At this point, I thought I was ready for ESXi, but upon installation, I hit a snag.  The T5610 has an Intel Gigabit NIC.  As such, I expected no issues, but the 82579 isn’t noticed by ESXi 5.5u2 for whatever reason.  No biggie – this thing has a nice tool-less case, and less than a minute later, I had a dual-port Intel NIC installed and ready to go (82571EB if you’re curious).  One more reboot and ESXi was installing.

Everything’s pretty happy at the moment.  Here’s what it looks like now that I’ve built up all my virtual ESXi hosts:

Screenshot 2014 09 24 08 47 22

 

Screenshot 2014 09 24 08 48 53

 

Oh, and the “Remote_External” cluster is a set of ESXi virtual machines I have running in VMware Workstation on a Precision M4800 laptop.

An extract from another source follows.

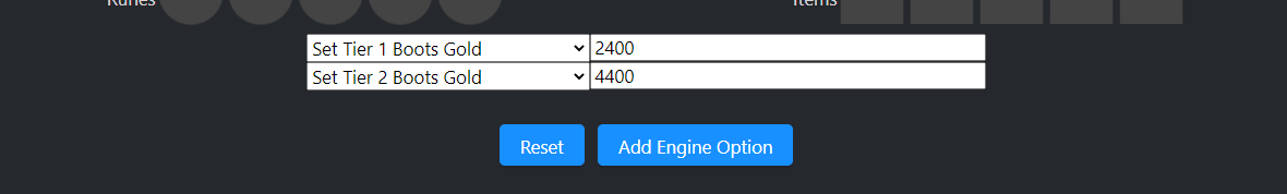 This is good but we think the boots are in the wrong place. Let's change that by using the Add Engine Option button. We can add two engine options, Set Tier 1 Boots Gold and Set Tier 2 Boots Gold to move the boots into the correct position.

I’ll follow up with some network details shortly, since that’s also gotten _way_ complex recently.  All in the name of scenario-based play with NSX. More fun later!

-jk

New Lab is here!

I’m a happy camper!  My new lab gear is in.

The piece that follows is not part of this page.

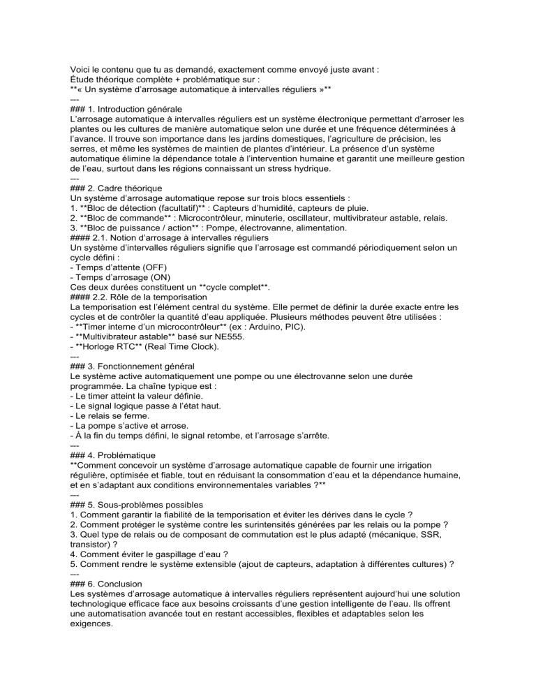 **« Un système d’arrosage automatique à intervalles réguliers »**

I believe we all need some kind of lab environment to play with, otherwise we just don’t learn the hands-on stuff nearly as well or as quickly.  Some employers have lab environments in which to test.  My employer is no different, but I prefer to have control over what I deploy, and when I deploy it.  That way I have no one to blame about anything but myself 🙂

That said, I was running my lab in an old Dell Precision 390 with nothing but 4 cores, 8GB of RAM, and local storage.  That was great a couple of years ago when I put it together, but now, not so much.

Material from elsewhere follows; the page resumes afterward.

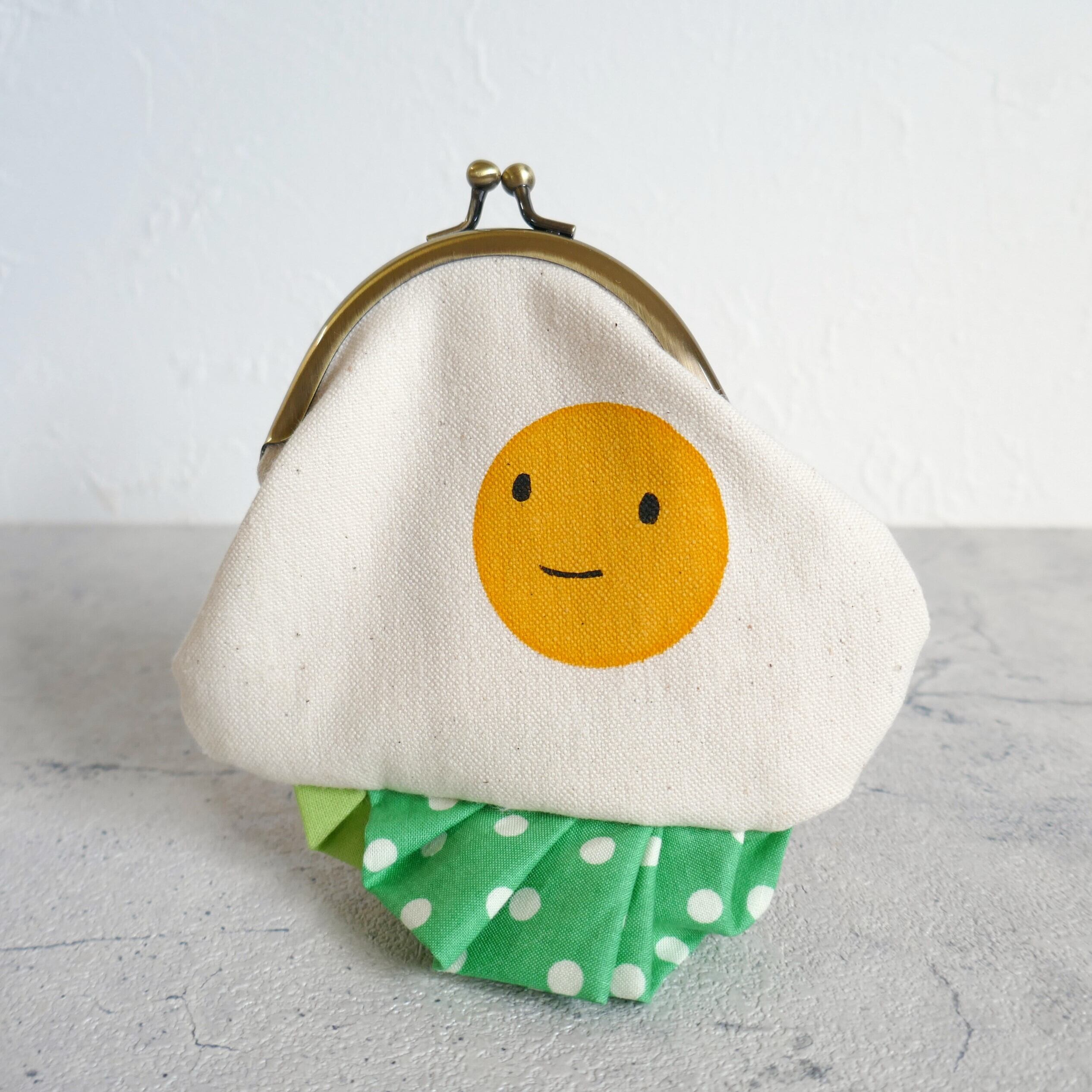 帆布をシルクスクリーンで染めた目玉焼き型のがまぐちです。

The new gear is actually server-grade stuff.  And reasonably inexpensive, if you ask me.

For my storage, I stumbled on a great deal on a N40L Proliant MicroServer from HP.  after repurposing some disk I had laying around the house, I had a small, reasonable storage server.  I installed a bunch of SATA disk: 3 7200 RPM 500GB spindles and a 1TB 7200 RPM spindle in the built-in drive cage.  But that wasn’t quite enough for what I had in mind.  So I bought an IcyDock 4-bay 2.5″ drive chassis for the 5.25″ bay in the MicroServer, and added an IBM M1015 SAS/SATA PCI-e RAID controller to drive the 2.5″ devices.  I had an Intel 520 Series 120GB SSD (bought for the ESXi host, but it didn’t work out) and a WD Scorpio Black 750GB drive just hanging around.  So I added another SSD and Scorpio Black so I could mirror the devices and have some redundancy.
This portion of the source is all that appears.